The problem.
Your response to the data below should hold nothing except the lines from the one containing "通过链路追踪,也可以查看到服务异常。" down to the one containing "7. Apply spray-type", reproduced exactly and without pictures.

START Information shown

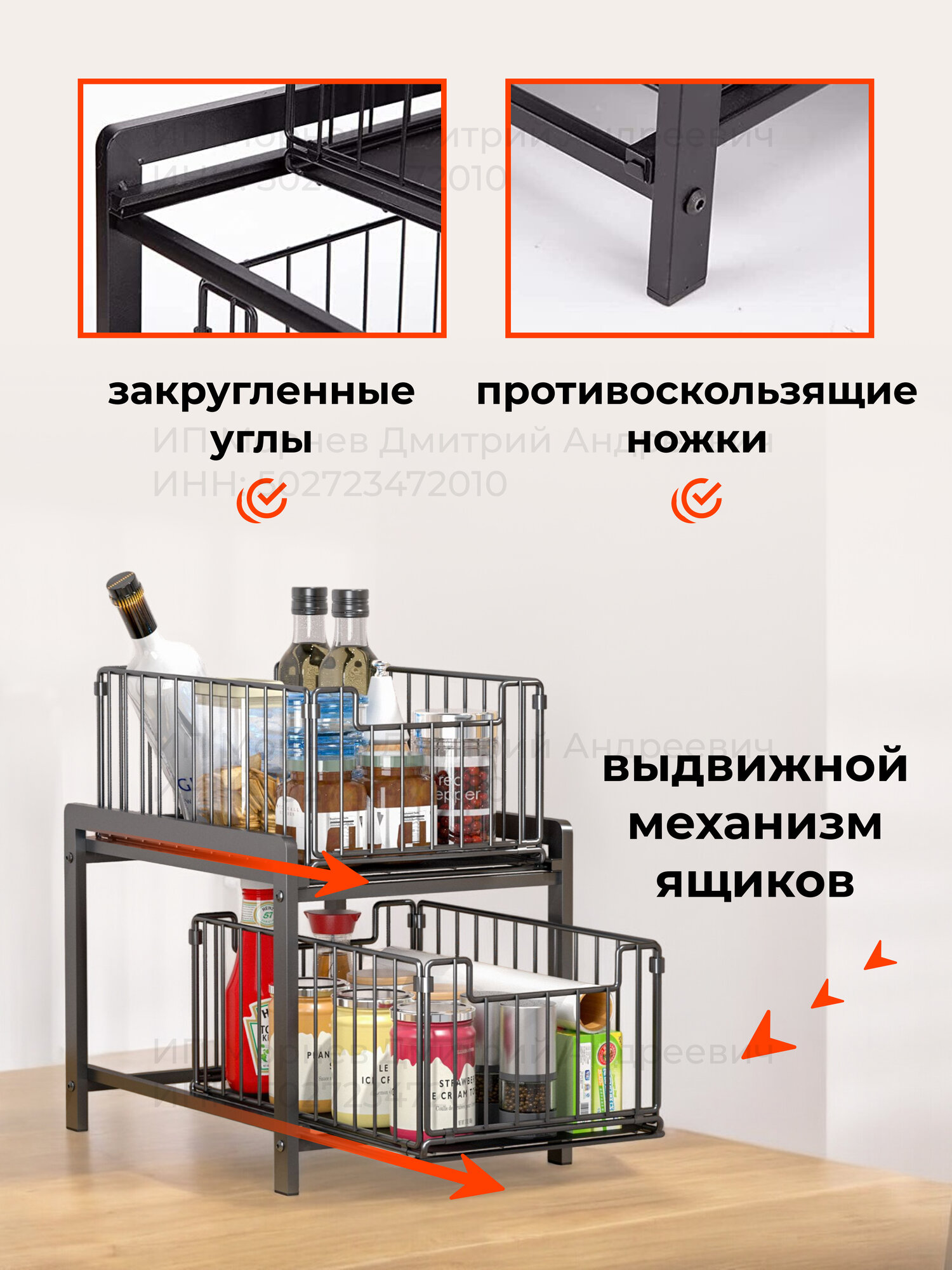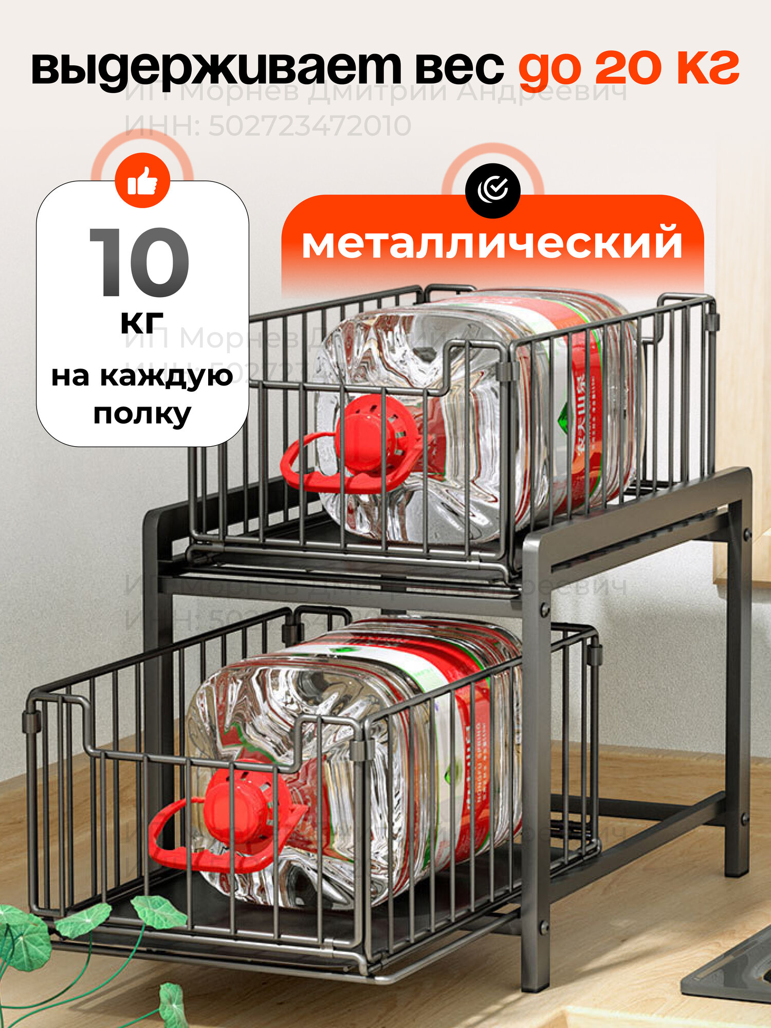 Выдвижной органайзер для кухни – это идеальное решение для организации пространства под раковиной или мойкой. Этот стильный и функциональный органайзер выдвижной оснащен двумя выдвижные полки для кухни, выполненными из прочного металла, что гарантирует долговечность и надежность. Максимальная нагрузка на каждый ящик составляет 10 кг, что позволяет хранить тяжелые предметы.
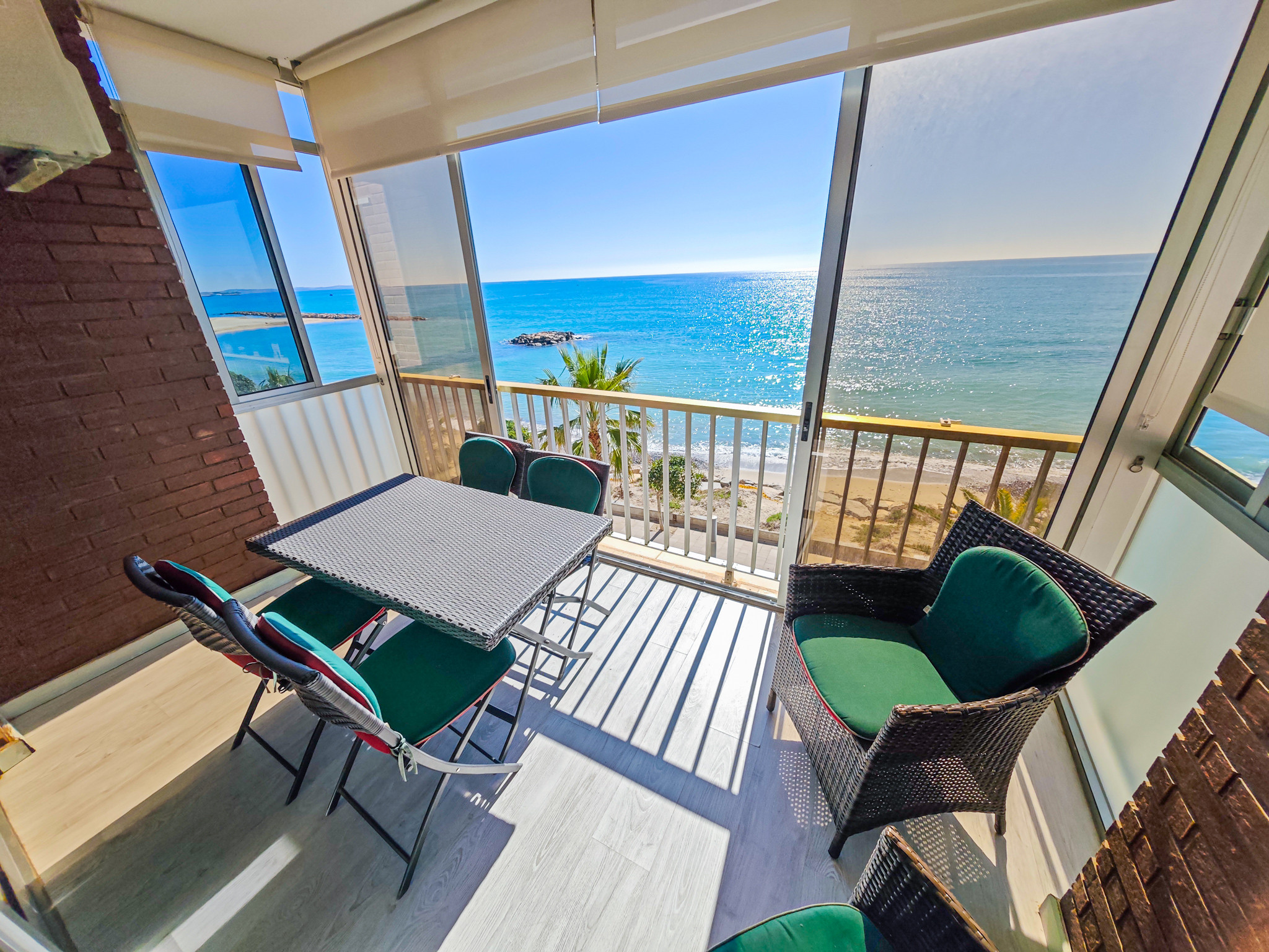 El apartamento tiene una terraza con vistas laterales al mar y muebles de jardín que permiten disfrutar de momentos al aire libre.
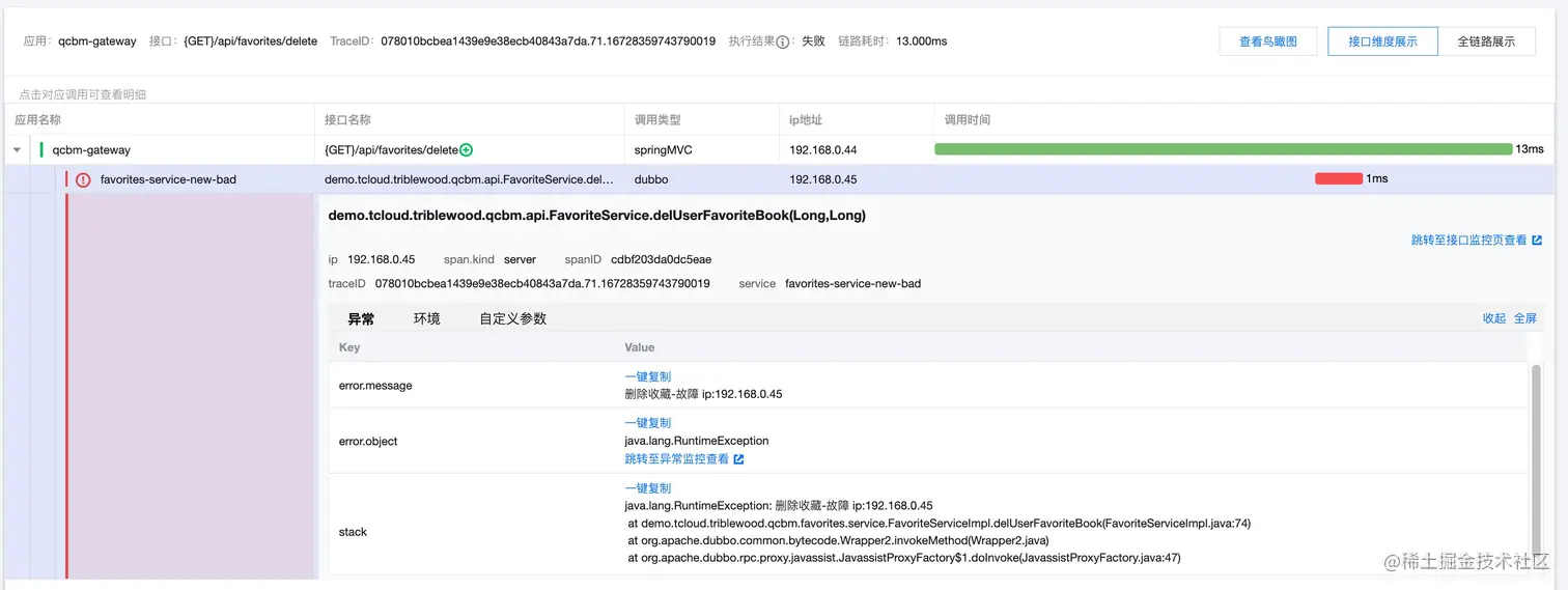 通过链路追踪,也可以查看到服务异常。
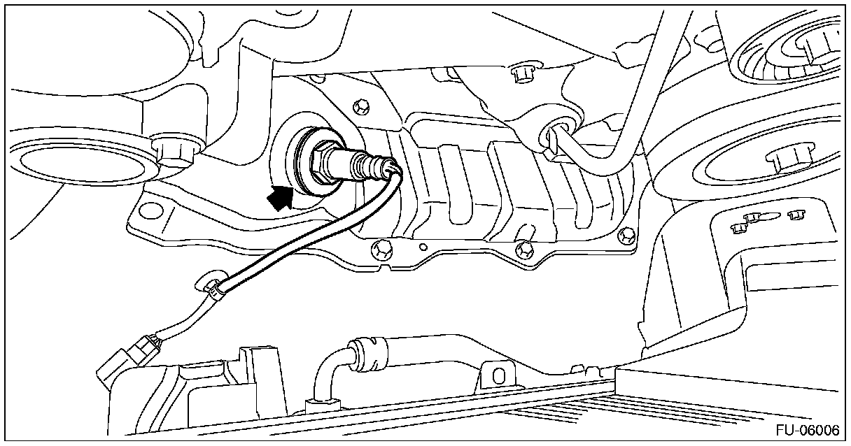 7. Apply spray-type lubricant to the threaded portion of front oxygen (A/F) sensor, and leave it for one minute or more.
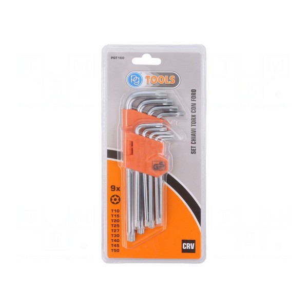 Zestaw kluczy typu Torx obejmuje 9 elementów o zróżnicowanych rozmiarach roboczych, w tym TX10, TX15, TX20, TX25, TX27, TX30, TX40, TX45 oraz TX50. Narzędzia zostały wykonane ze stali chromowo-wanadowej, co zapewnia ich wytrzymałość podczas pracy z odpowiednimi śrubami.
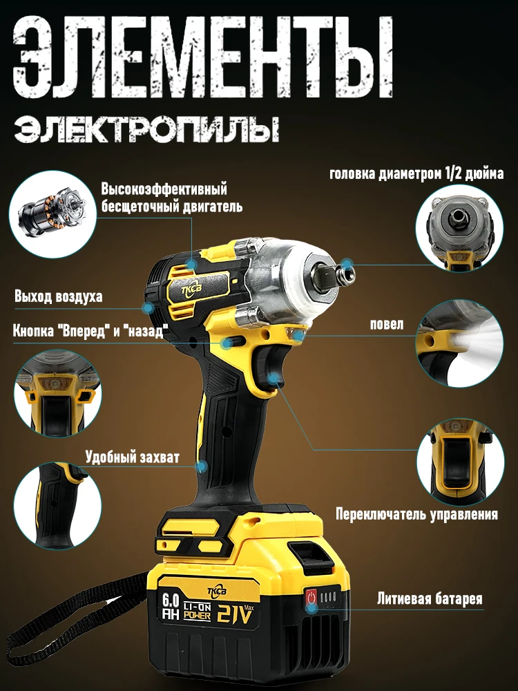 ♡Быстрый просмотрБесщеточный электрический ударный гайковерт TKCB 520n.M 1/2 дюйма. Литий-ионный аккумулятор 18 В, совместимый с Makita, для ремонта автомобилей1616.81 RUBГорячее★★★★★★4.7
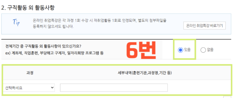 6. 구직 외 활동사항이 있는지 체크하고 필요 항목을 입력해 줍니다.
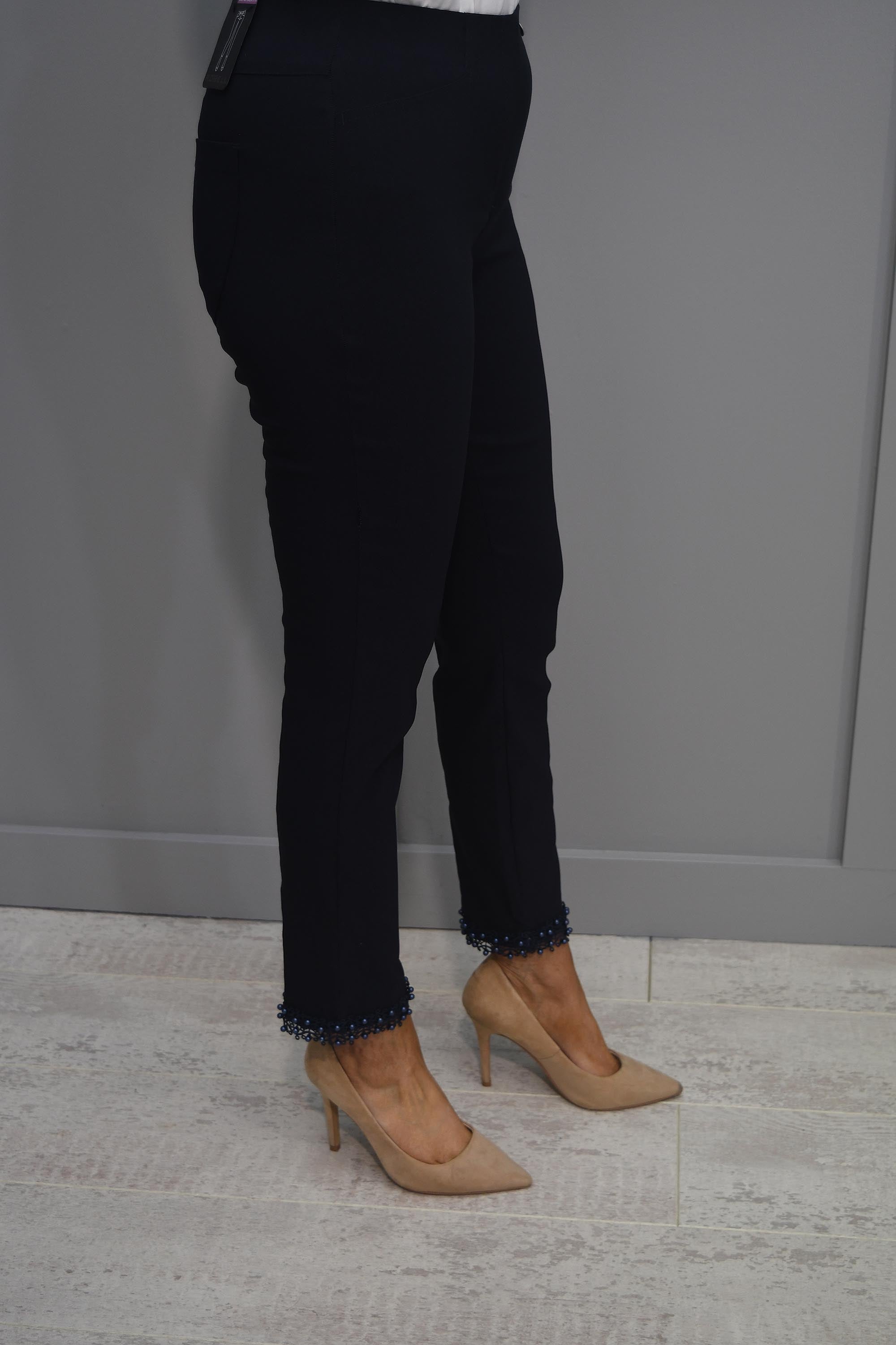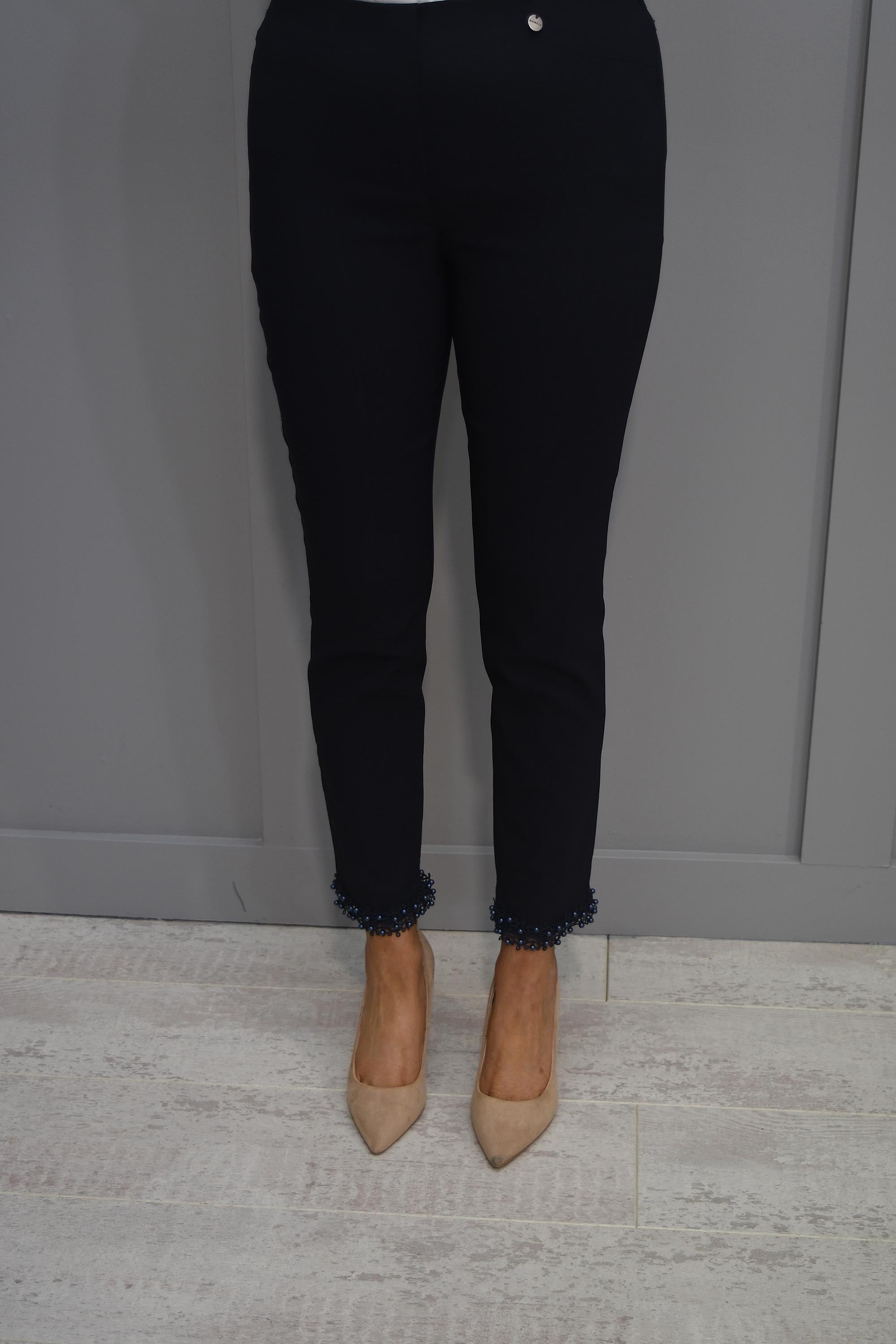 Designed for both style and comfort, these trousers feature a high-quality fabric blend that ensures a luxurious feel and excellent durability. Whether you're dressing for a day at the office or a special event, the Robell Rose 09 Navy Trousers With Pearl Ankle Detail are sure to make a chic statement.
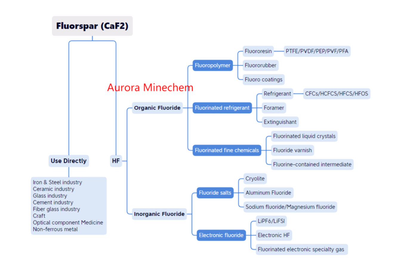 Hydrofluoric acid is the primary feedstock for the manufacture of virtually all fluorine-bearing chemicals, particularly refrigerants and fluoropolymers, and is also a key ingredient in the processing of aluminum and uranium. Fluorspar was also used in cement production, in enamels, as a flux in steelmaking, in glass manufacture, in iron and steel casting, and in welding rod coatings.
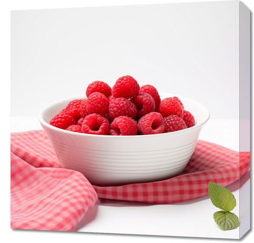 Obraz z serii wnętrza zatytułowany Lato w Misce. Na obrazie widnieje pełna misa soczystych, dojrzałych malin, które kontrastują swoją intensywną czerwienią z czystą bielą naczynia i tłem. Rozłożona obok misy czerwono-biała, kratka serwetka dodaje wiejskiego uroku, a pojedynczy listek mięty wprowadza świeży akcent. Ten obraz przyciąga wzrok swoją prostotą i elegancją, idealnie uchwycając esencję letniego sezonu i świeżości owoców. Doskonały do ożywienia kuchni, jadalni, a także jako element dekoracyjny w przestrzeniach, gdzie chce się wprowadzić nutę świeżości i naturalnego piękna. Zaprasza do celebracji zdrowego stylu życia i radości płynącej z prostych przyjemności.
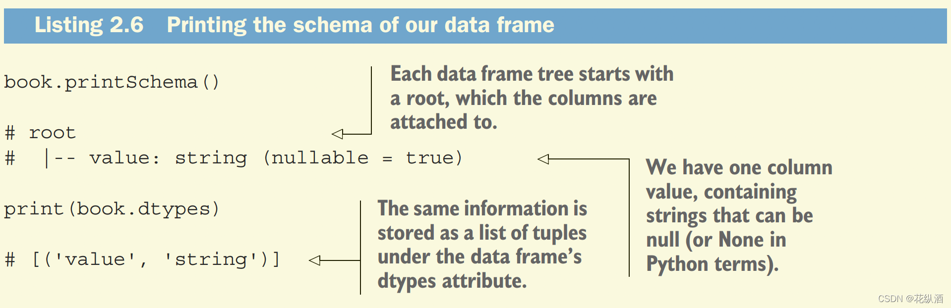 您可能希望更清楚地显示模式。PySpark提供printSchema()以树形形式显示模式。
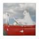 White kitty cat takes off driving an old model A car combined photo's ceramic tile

END Information shown

Response to this exercise.
 通过链路追踪,也可以查看到服务异常。
 7. Apply spray-type lubricant to the threaded portion of front oxygen (A/F) sensor, and leave it for one minute or more.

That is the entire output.